There was a pause that sat between us. Not an uncomfortable silence as such, but an unwelcome gap in the conversation. I bowed my head slightly and looked at the ground as I arranged my thoughts into something less than the bag of cats that seemed to inhabit my everyday thinking. I knew what she was talking about, but I honestly thought the world saw her as I did.
“Come with me,” I said with a sigh, and led Donna to a nearby bench that looked over the Thames River. I stared into its torrid and murky depths for a while as I composed myself for what I was about to say.
My first words were spoken to the water.
“I consider myself to be a little simple, but simple in terms of being basic, not stupid. I see that you are black, and I see that we must make a pretty odd looking pair, but this is the eighties and we all should be over that by now – God knows I am”
I turned to her and placed my hand on her cheek before carrying on with my words.
“I also see the burn scars on your face and neck”
Donna seemed to flinch at my outing of what was plain for all to see. It was as if she was hoping that I hadn’t noticed. I carried on regardless, disregarding her obvious and unnecessary shame. Holding her gaze as I spoke.
“But hear me now”, I said, “As I tell you what else I see. I see the smile you give to everyone who would do nothing more for you than to return that simple act of kindness with unnecessary looks of disgust.
I see you walk in a world that would turn away from you rather than get to know the girl behind the scars. I see the strength of a woman who has had to live with a disfigurement that, in truth, is only skin deep, but judged by people whose own disfigurements run to their very souls.
I see confidence.
I see love.
I see you.
This is your beauty, and this is what I have loved from afar since the first day I saw you. I have always figured you beyond me, Donna, because you are quite simply a goddess in my eyes, and my heart beats for you and you only”
As I stared into those beautiful eyes, I could see once more the tears welling up inside them.

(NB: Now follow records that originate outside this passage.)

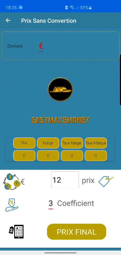 Toutes ces données réunies dans une seule application, EASYMAKEMONEY sera très vite votre partenaire indispensable.
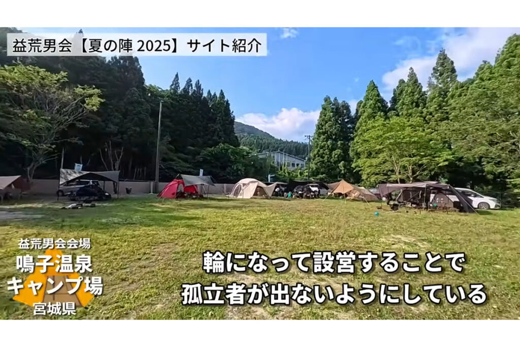 夏のアウトドアと言えば定番のキャンプ。ゆうさんが案内人を務めるキャンプ専門YouTubeチャンネル『チキューギ.』では、宮城県の鳴子温泉キャンプ場でおこなわれた「益荒男会・夏の陣2025」から5組のサイトを紹介しています。暑い中でも快適なサイトにするために、工夫を凝らしたこだわりの夏キャンプスタイル。それぞれの楽しみ方を見ていきましょう。
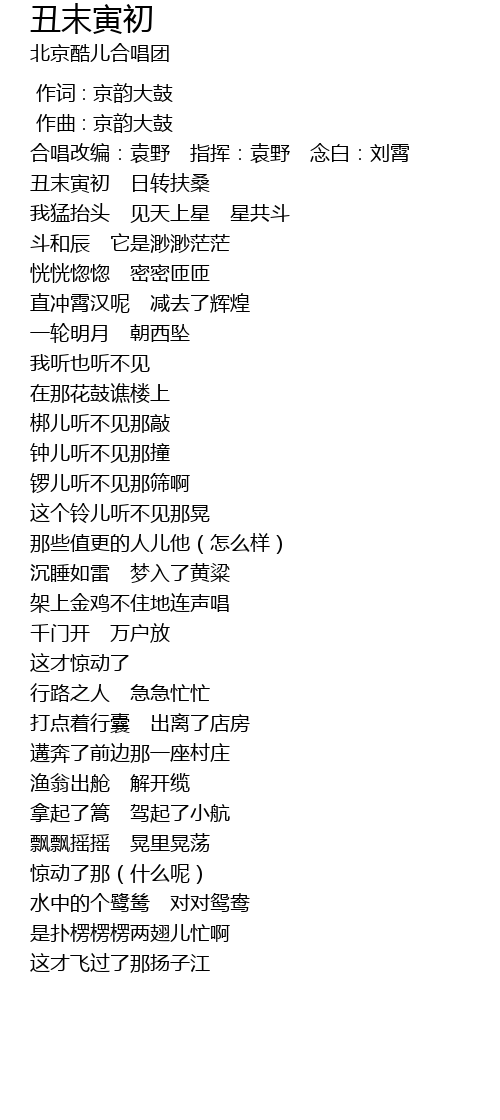 | [00:00.000] | 合唱改编:袁野 指挥:袁野 念白:刘霄 |
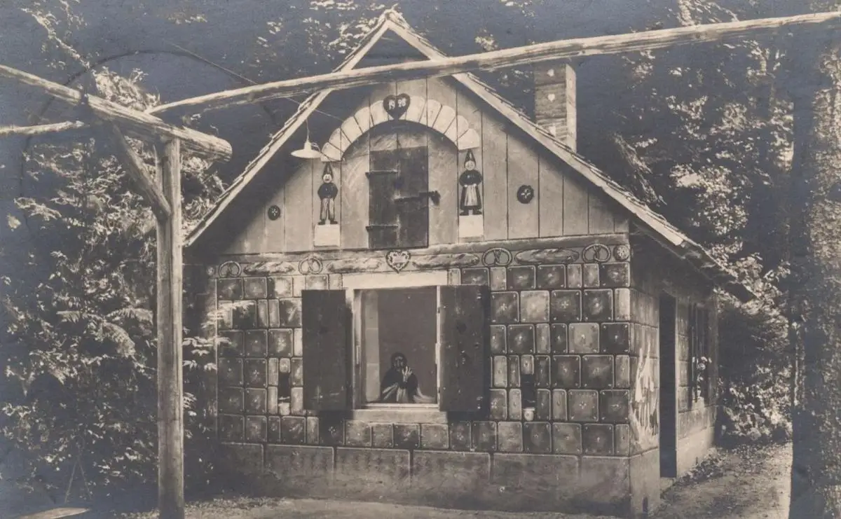ALTE POSTKARTE BADENWEILER KNUSPERHÄUSCHEN HÄNSEL UND GRETEL HEXE witch Märchen fairy tale Waldrestaurant Bergmannsruhe
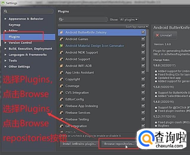 在弹出的界面中选择左侧的Plugins选项,点击底部的Browsr repositories按钮,如下图所示
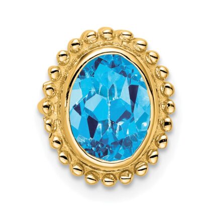 14k 9x6mm Pear Blue Topaz Beaded Edge Chain Slide
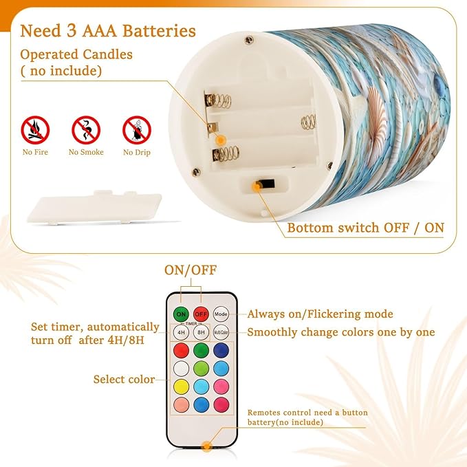 - Convenient Remote Functions: Includes an 18-key remote controller with a timer. You can control these candles remotely when they are placed somewhere difficult to touch. Set 4H/8H timers will save you trouble turning them on/off, they will come back on automatically at the same time every day. Also, you can adjust the light color as you want
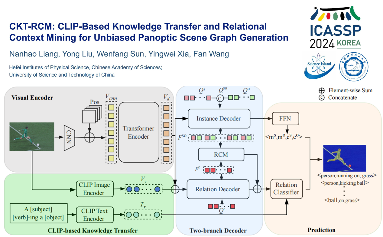 They developed this network framework CKT-RCM. Based on the pre-trained vision-language model CLIP, CKT-RCM facilitates relationship inference during PSG processes. It integrates a cross-attention mechanism to extract relational context, ensuring a balance between value and quality in relational predictions.

“I don’t like that hat though” I added, “You need to know this if we are to go on any more dates”.
Donna half laughed which stifled the sob that partially left her lips.
I placed the tips of my fingers on her chin and tilted her face upwards.

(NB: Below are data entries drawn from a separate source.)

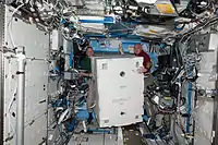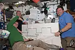 Усередині станції астронавти продовжували обладнати знову пристикований модуль «Леонардо».
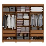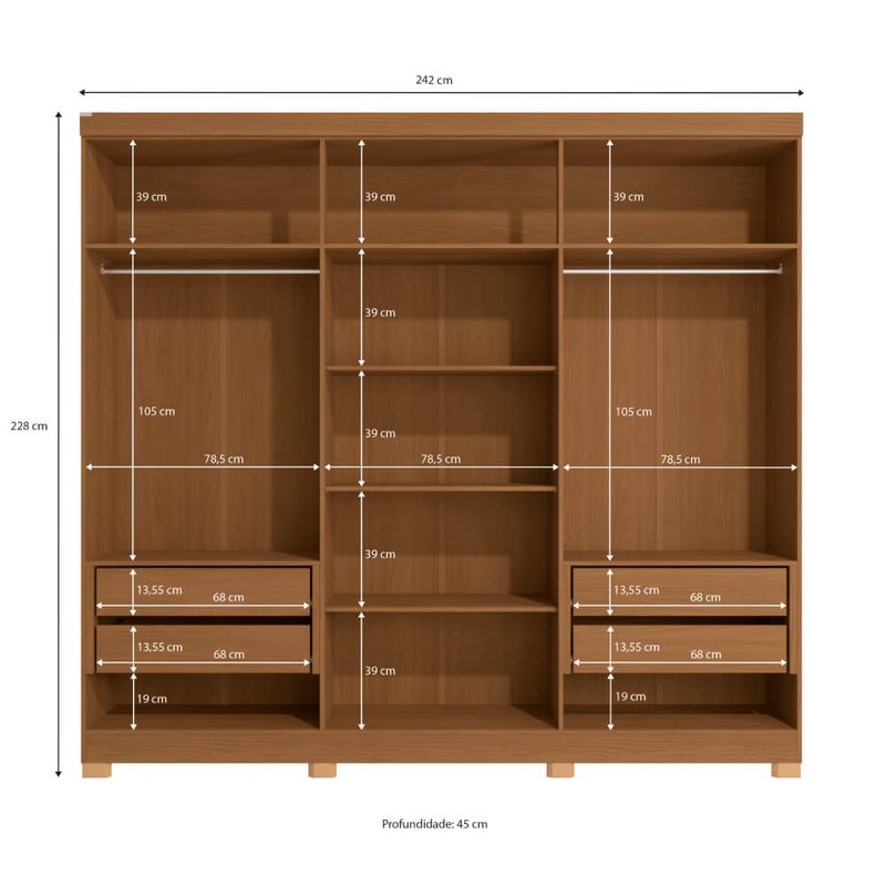 Com Dimensões de: 223 x 242 x 47 cm, este guarda-roupa otimiza seu espaço com maestria, proporcionando uma organização sem precedentes para suas roupas e acessórios. As seis portas de bater garantem acesso total ao interior, com a facilidade do manuseio tradicional. Os cabideiros Metálicos e as corrediças Metálicas (para as 04 Gavetas) asseguram durabilidade e um deslize suave, contribuindo para o conforto no uso.
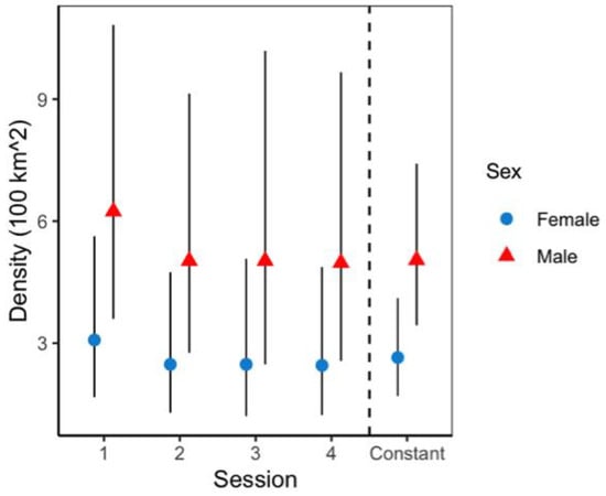 Sex/session specific jaguar density, from top model structure in Sector Santa Rosa, Guanacaste Conservation Area, Northwestern Costa Rica. The black line represents 95% confidence intervals.

We kissed – and the world watched.
After a while, we stood and walked slowly along the waterfront, hand in hand towards the Maritime Museum and I felt then that I would hold her hand forever.
“I was two years old”, she said.
“So was I”, I replied in an amazed tone, “What a coincidence”
“I’m trying to tell you a story”, said Donna as she playfully slapped my arm.
“Okay, please continue – and Ow! by the way”
The decision by her family to move, six months later, meant both Donna and I were forced to move on with our lives, creating a new scar — one that ran across my heart. Throughout the years I have often wondered where she had gone and what she had become.
My world moved on without her, and I eventually married and had children of my own – and last year, a grandchild.
My times with Donna became a part of the fond memories of my youth, clouded by the years and glamorised by time.
And then, last month I received a letter from her daughter. How she had found me after all these years or knew who I was must have been a feat of detection equaled only by the great Holmes himself. My heart skipped when I saw her name and I was instantly transported back to that time of innocence, but instead of an attempt at rekindling an old and lost friendship, she informed me that at fifty years old Donna, her mother, had been diagnosed with incurable breast cancer.
I sat alone for quite some time, staring at the letter, reading the words until they slowly became illegible by the tears that ran the ink into a blur. And as I mourned this loss of something I never really had, her words floated up through the spring of times lost.
‘How would you describe me?’ I asked.
‘I would describe you as uncaring — Uncaring of this world’s prejudice, and to what it thinks of others’
This morning Donna stopped holding my hand.